The task description |
When we visit the site, we are greeted with some ugly JS and a bunch of prompts. Chrome dies a miserable death once we enter the fifth number, and some processing starts.
Let's look at the source. I mirrored it here: https://gist.github.com/balidani/b29dc38658efca998f5b
function client_side() { var x,y,z,w,ww; while(1) { x = prompt("#1",'1'); if(!x) return; y = prompt("#2",'2'); if(!y) return; z = prompt("#3",'3'); if(!z) return; w = prompt("#YOLO",'420'); if(!w) return; ww = prompt("#PPP",'123'); if(!ww) return; // The best solutions run FAST! // So, skip the slow self test if you've got a solution if(filter(x,y,z,w,ww) == FLAG) break; if(!self_test()) { alert("Sanity check failed! ..."); return; } alert("Pick better numbers, man."); } call_server(x,y,z,w,ww, function(x) { alert(x); }); }
Our next idea was to find all the 1000 values, except those that take forever to compute. We did this with a little script using Worker threads. We ended up with ~750 values. Needless to say, this was unnecessary work, but hey, it was 4AM. Let's (finally) look at the filter function that validates the key.

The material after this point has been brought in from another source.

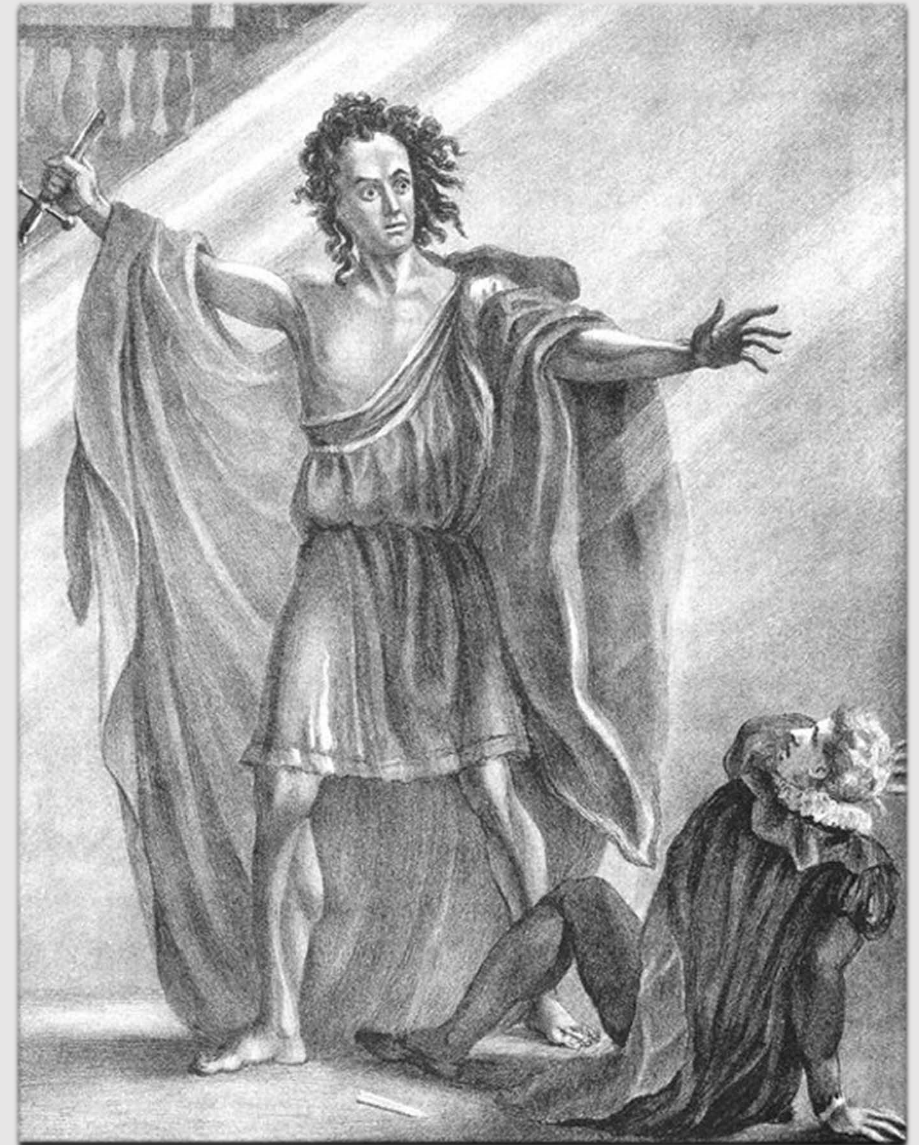
Drawing of T.P. Cook in Presumption . Image portrays freewill. The creature is contemplating on what to do with the sword.

function filter() { var args = [].slice.apply(arguments).sort().filter(function(x,i,a){return a.indexOf(x) == i;}); if(args.length != 5) return "uniq"; var flag = false; args.map(function(x){flag |= x >= 999;}); if(flag) return "big"; var m = args.map(mystop); if(m.filter(function(x,i){return m[2]+3*i == x;}).length < 3) return "unsexy"; if(m.filter(function(x,i){return x == args[i];}).length < 3) return "hippopotamus"; if(m.filter(function(x,i){return x > m[i-1];}).length > 3) return "banana phone"; return FLAG; }
Oh, look, there are some checks that exclude a lot of values.

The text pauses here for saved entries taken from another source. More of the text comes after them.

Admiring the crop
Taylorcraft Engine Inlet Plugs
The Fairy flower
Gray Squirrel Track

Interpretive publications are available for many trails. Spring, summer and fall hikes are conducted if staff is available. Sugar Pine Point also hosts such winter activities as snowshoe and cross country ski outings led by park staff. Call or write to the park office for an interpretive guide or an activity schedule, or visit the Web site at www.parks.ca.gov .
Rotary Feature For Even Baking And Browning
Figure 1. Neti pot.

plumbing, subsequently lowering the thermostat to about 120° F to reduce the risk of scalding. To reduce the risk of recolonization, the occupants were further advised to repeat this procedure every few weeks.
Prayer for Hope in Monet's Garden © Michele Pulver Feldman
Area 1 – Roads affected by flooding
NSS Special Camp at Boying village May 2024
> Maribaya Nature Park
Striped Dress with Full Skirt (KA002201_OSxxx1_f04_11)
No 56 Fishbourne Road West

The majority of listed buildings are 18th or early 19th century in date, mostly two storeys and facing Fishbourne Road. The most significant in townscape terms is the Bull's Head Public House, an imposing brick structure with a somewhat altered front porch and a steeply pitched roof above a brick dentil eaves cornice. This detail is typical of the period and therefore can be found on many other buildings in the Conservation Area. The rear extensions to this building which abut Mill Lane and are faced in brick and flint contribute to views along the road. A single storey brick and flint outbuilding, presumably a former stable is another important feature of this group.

- The keys have to be unique and under 1000
- For each number in the key, mystop is called (array m)
- At least 3 items have to follow the formula: m[2] + 3*i == x
- At least 3 items have to be equal to the key itself
The keys cannot be in increasing order
Edit: that last part is a lie, they are sorted by the filter function first. Thanks to @mathias for the clarification, here is his write-up too.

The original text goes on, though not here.